Case Name: CITY OF BAY ST. LOUIS v. Huey P. JOHNSTON
Court: Mississippi Supreme Court
Jurisdiction: Mississippi
Decision Date: 1969-04-14
Citations: 222 So. 2d 841
Docket Number: No. 45197
Parties: CITY OF BAY ST. LOUIS v. Huey P. JOHNSTON.
Judges: ETHRIDGE, C. J., GILLESPIE, P. J., and JONES and PATTERSON, JJ., concur.
Reporter: Southern Reporter, Second Series
Volume: 222
Pages: 841–848

Head Matter:
CITY OF BAY ST. LOUIS v. Huey P. JOHNSTON.
No. 45197.
Supreme Court of Mississippi.
April 14, 1969.
Rehearing Denied June 2, 1969.
Bryan & Gordon, Harry R. Allen, Pas-cagoula & Gulfport, for appellant.
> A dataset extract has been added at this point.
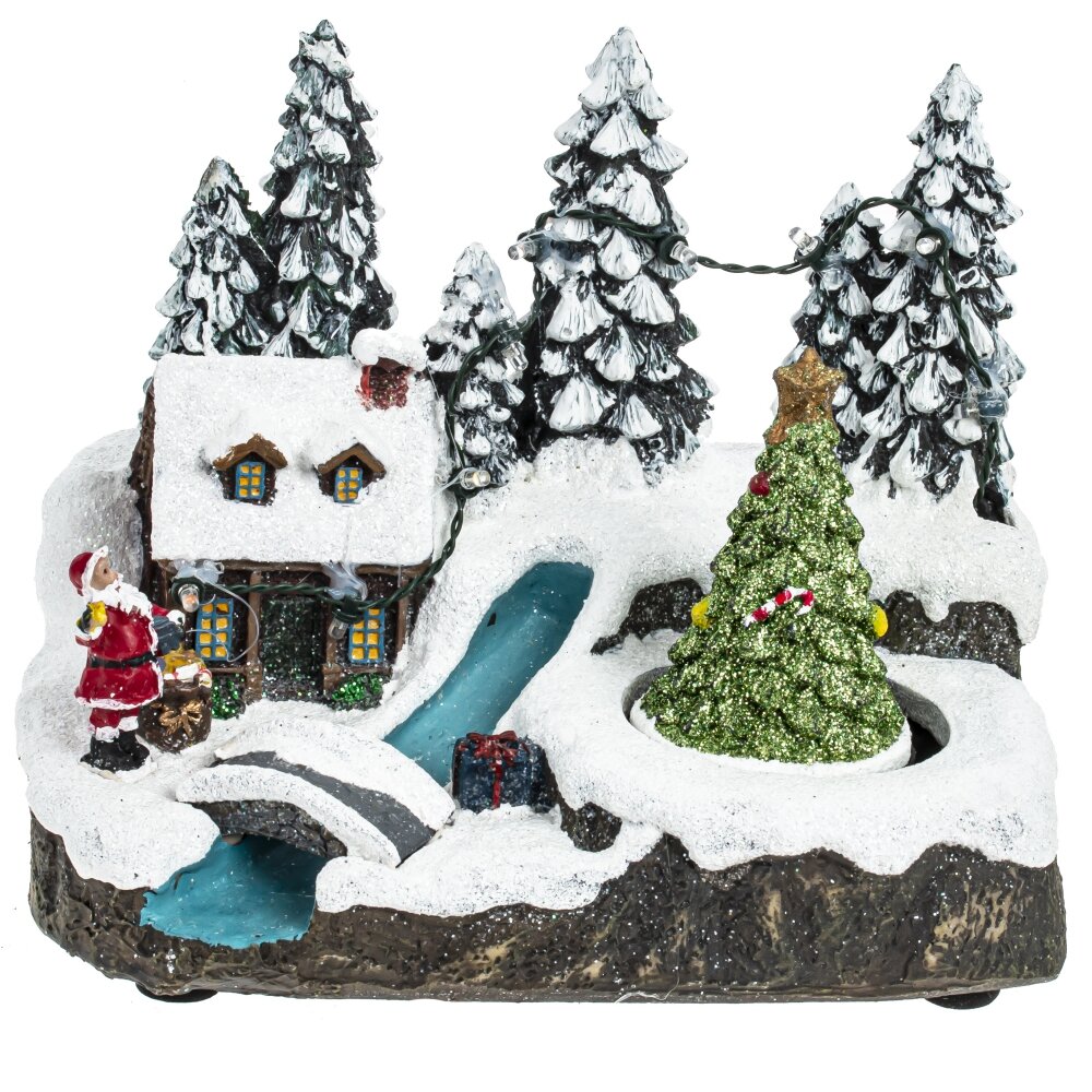 Веселые огоньки, забавный домик, елки и Санта. Хотите, чтобы наступающий год был ярким, полным веселых чудес? Тогда эта оригинальная миниатюра для вас. Фигурка с подсветкой и функцией движения. Работает от трех батареек АА (не прилагаются). Шнур питания Кабель USB 100 см входит в комплект.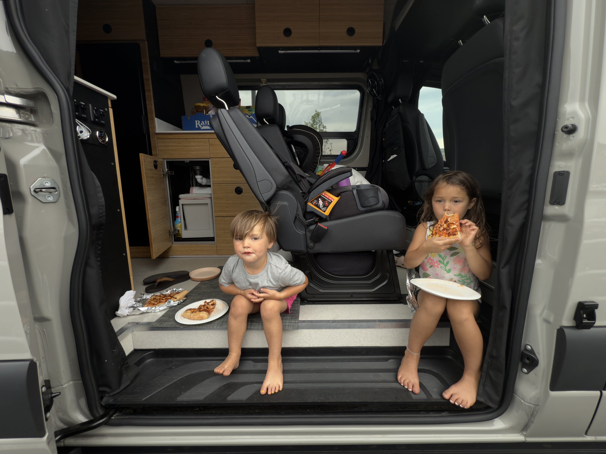 Before hitting the road we stopped at Costco to fill up on fuel and pick up some fruit (plus ~$100 worth of other things we found along the way. Does this happen to everyone else too?). We couldn’t pass up the convenience of food court pizza for dinner.

Gex, Gex & Phillips, Bay St. Louis, Walter J. Gex, III, Satterfield, Shell, Williams & Buford, Jackson, for appellee.

Opinion:
ROBERTSON, Justice.
Appellee, Huey Johnston, was injured in a car-truck collision on Central Avenue in Bay St. Louis, Mississippi, on the morning of February 8, 1965. He recovered a judgment for $20,000 against appellant, the City of Bay St. Louis, in the Circuit Court of Hancock County.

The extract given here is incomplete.